Los recientes casos de colusión en grandes empresas y su impacto en la opinión pública han empujado a las autoridades a ejercer un mayor grado de vigilancia, aumentar las penas y dictar regulaciones más estrictas. El mensaje es claro: se trata de evitar el acercamiento entre competidores y defender a toda costa el interés de los consumidores.

Sin embargo, hay demandas sociales que sólo pueden satisfacerse colaborando entre competidores. En particular, en materias de sustentabilidad ambiental y social. ¿Quién podría pretender que una empresa salmonera, una AFP o una minera cambiaran, por sí solas, las percepciones de comunidades o de la sociedad en su conjunto? Asimismo, sería iluso que un gerente subiera unilateralmente los estándares de seguridad laboral en su empresa si, como resultado, queda en clara desventaja de costos frente a la competencia.

Un ejemplo muy interesante fue la industria de los detergentes en Europa. Las empresas líderes, preocupadas por la sustentabilidad y el impacto en el medio ambiente, investigaron y descubrieron que cambiando las formulaciones podían reducir significativamente el tamaño de los envases, sin sacrificar la efectividad, ni el número de lavados para el público. Con esto se disminuía el consumo de materias primas y energía en la fabricación. Se reducían los costos de transporte, las necesidades de almacenaje y de espacio en las góndolas de los supermercados. Los consumidores también salían beneficiados con envases más livianos y pequeños. Además, las nuevas fórmulas les permitirían lavar sin recurrir al agua caliente, ahorrando en sus propias cuentas de energía.

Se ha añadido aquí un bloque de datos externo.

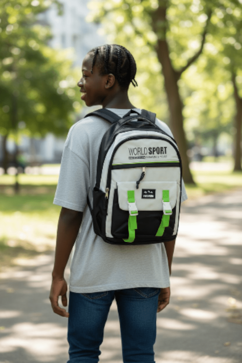 WaiPack™ World Sport School bag & College Backpack – Black & white with Buckle Detail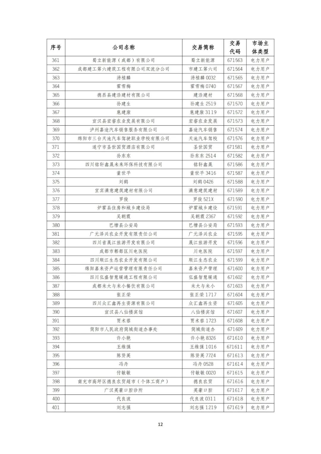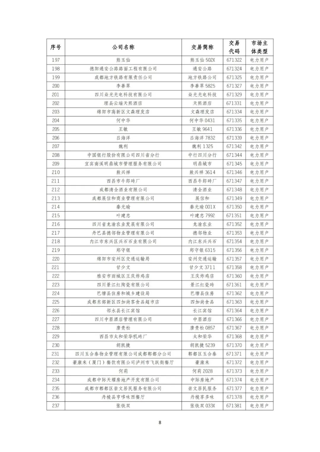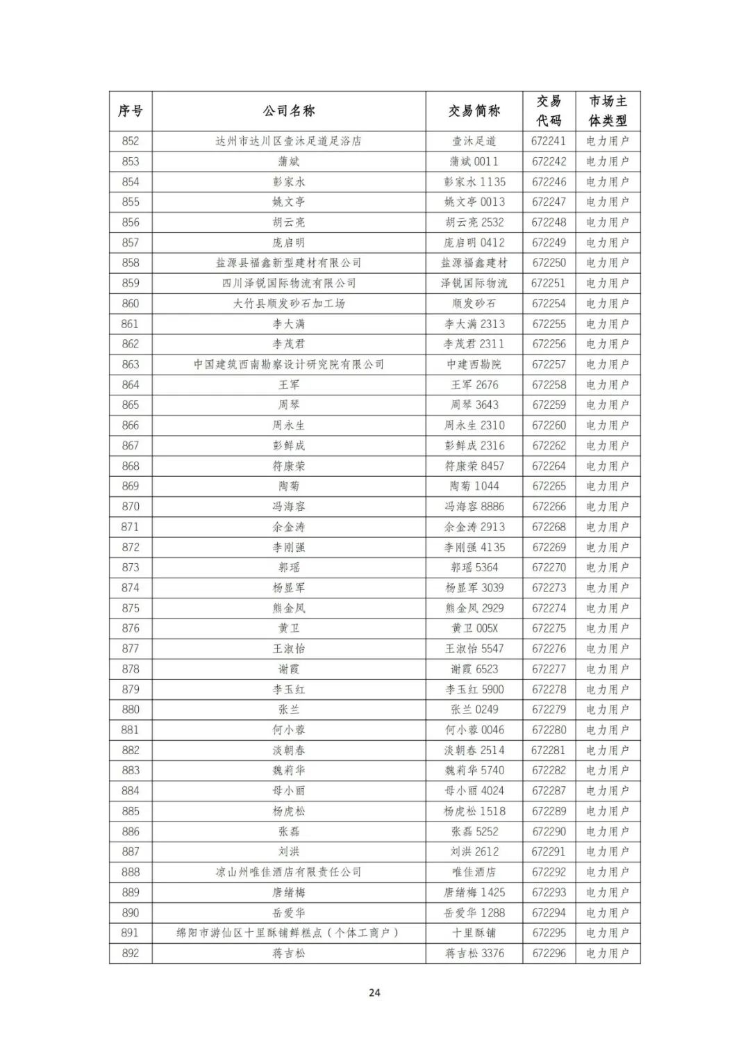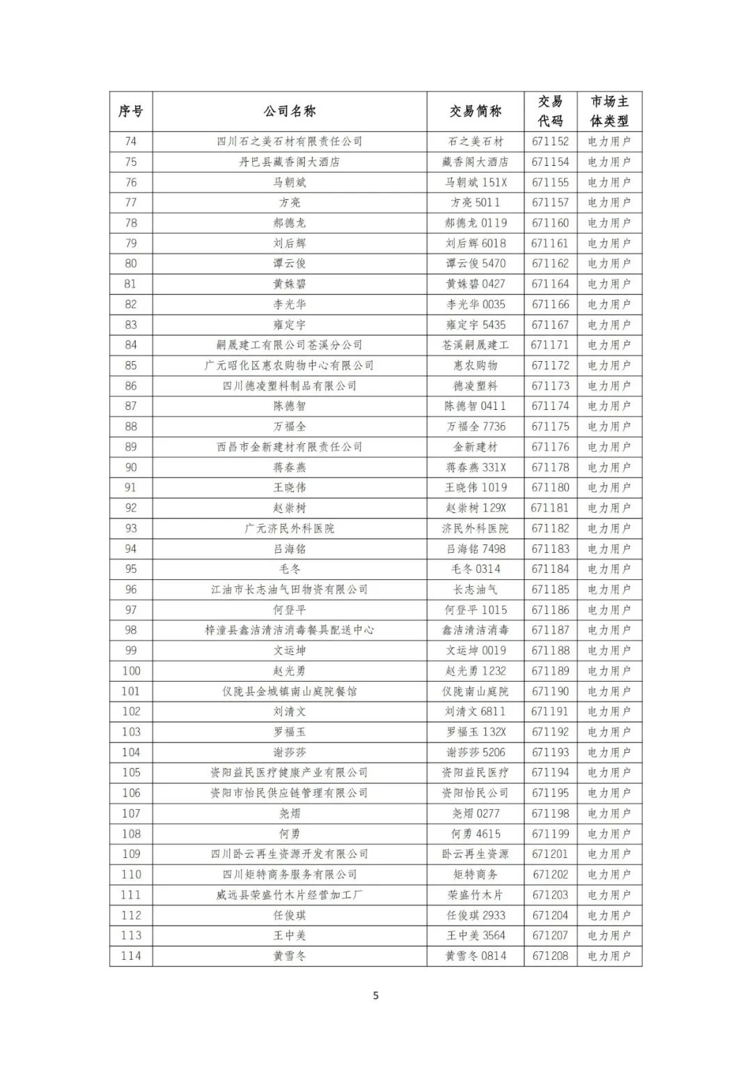 10月9日,四川电力交易中心发布《关于发布四川电力市场2024年9月注册、重大信息变更及注销市场主体名录的公告》。

Sin embargo, los estudios de mercado identificaron un problema. Los consumidores tenían la percepción de que envases más pequeños equivalían a menos detergente y menos lavados. La percepción del valor y la disposición a pagar caía. En consecuencia, si un competidor tomaba la iniciativa unilateralmente lanzando el producto, y no bajaba el precio, perdería rápidamente participación de mercado. De la misma forma, el costo de comunicación para “convencer” al consumidor sería enorme para una sola empresa y los cambios no serían rentables.

De esta forma, y para llevar a cabo la iniciativa, los competidores decidieron colaborar lanzando los nuevos formatos de envases y formulaciones en forma simultánea. Para asegurarse de no arriesgar sus posiciones, también acordaron mantener los precios y las participaciones de mercado durante una primera etapa. Después liberarían los precios y, a partir de ese momento, volverían a ser libres de luchar por participación en un mercado ultra competitivo.

Al descubrirse el acuerdo, gracias a la auto-denuncia de uno de los competidores, la autoridad europea de la libre competencia sancionó a los otros dos con una multa de trescientos quince millones de euros por colusión. Evidentemente el acuerdo no satisfizo los estándares del regulador, pero fue también un precio bastante alto, si se considera que era algo que beneficiaba a las empresas, al igual que a los consumidores, las comunidades, y hasta los propios gobiernos.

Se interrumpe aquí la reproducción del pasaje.